New English £50 Note Celebrates LGBTQ Computer Scientist Alan Turing

The Bank of England has unveiled the design for its new £50 note featuring mathematician Alan Turing, who broke Nazi Germany’s military codes in World War II and was an early pioneer in computer science. Despite these accomplishments, he became a pariah in his own country after being arrested for “gross indecency” under the laws that made homosexuality a criminal offense.

What Happened: Turing received a bachelor’s and master’s degree from Cambridge and a Ph.D. from Princeton. During World War II, he was employed in Britain’s Government Code and Cypher School at Bletchley Park, where he developed techniques for deciphering intercepted coded messages that enabled Allied forces to successfully plan in their battles against the Nazis.

After the war, he designed the Automatic Computing Engine and helped develop the Manchester computers, forerunners of the modern stored-program computer.

In January 1952, Turing reported a burglary at his home to the police. During the investigation, Turing acknowledged that he knew the burglar and they had been lovers. Homosexual acts were against the law in England at the time and he was arrested and convicted. He was given the choice of imprisonment or chemical castration, and he chose the latter. The conviction ended his career with the government and he was barred from entering the U.S. On June 8, 1954, he was found dead in his home from cyanide poisoning, with suicide determined as the cause of death.

Why It Matters: Due to the classified nature of his wartime work, Turing was unknown to the general public at the time of his death; the law criminalizing homosexual acts was abolished in 1967. Over the years, as the public learned of his work and the circumstances leading to his death, a movement arose to reclaim his legacy. Queen Elizabeth II issued a posthumous pardon for Turing in 2013 and a 2017 law named in his honor officially pardoned all men who were convicted under the old law.

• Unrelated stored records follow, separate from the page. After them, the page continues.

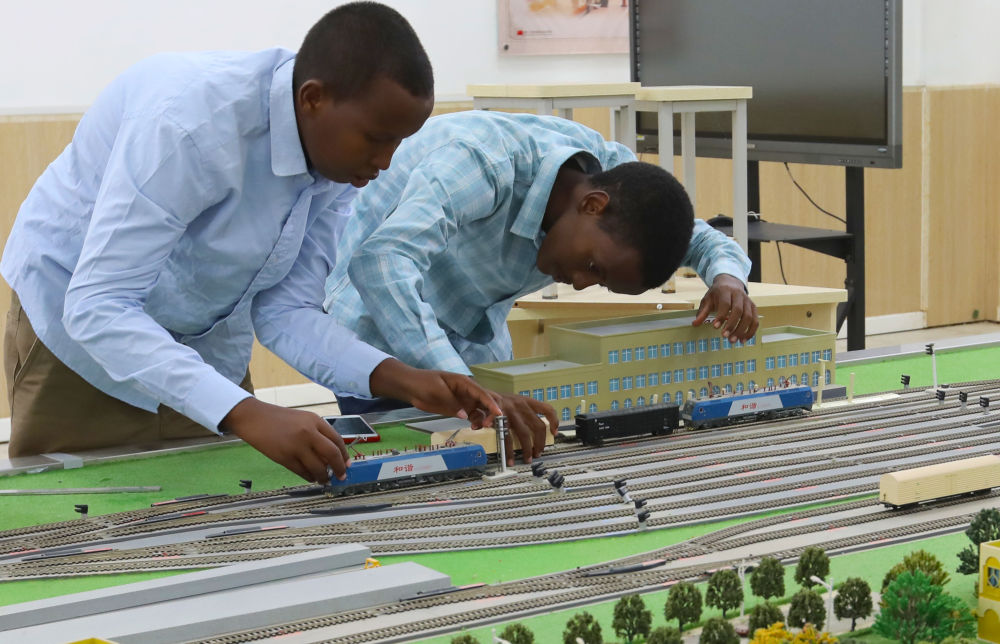在位于吉布提首都吉布提市的吉布提工商學校,學生在魯班工坊鐵道運營沙盤教學區(qū)學習(2022年9月19日攝)。新華社記者 董江輝 攝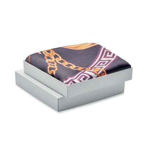 Szal z satynowego poliestru z recyklingu ze wzorem. Wymiary produktu: 90X90CM Materiał: RPET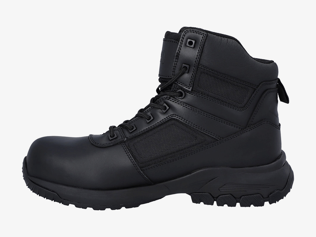 De Magnum Vanguard 6.0 is uitgerust met een composiet veiligheidsneus en antiperforatieplaat en is getest en gecertificeerd volgens EN ISO 20345:2022 S3 FO HRO SR. Daarmee is deze halfhoge tactische veiligheidslaars een uitstekende keuze voor professionals die snelheid, comfort en veiligheid willen combineren.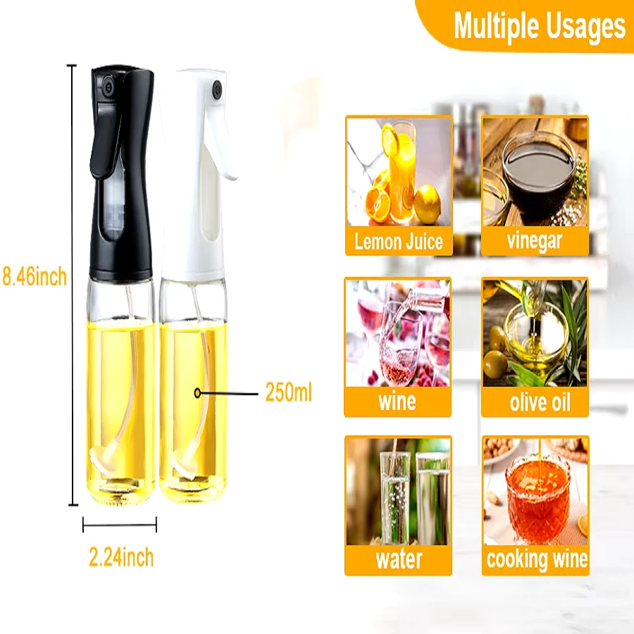 • EASY TO USE: The wide opening of the spray bottle makes it easy to fill the cooking oil spray bottle without the need for a funnel. The specially designed bottle of olive oil sprayer is tightly sealed to prevent leakage and dirty oil stains.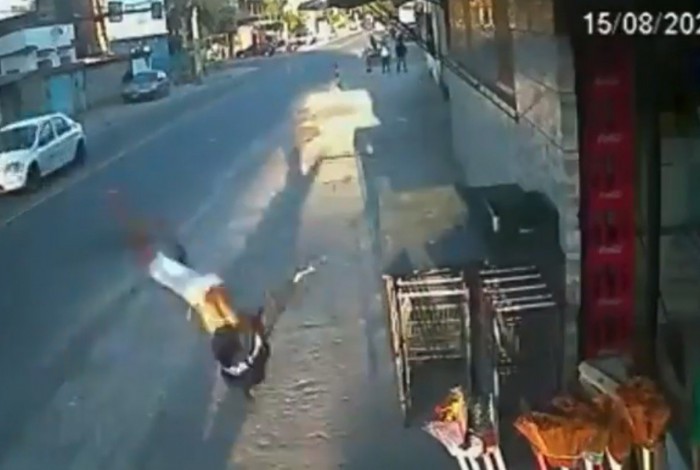 Imagens impressionantes mostram motociclista sendo arremessado durante batida com carro em Honório Gurgel, na Zona Norte do Rio #ODia

“Alan Turing was a gay man, whose transformational work in the fields of computer science, codebreaking, and developmental biology was still not enough to spare him the appalling treatment to which he was subjected,” said Bank of England Governor Andrew Bailey. “By placing him on this new £50 banknote, we celebrate him for his achievements, and the values he symbolizes, for which we can all be very proud.”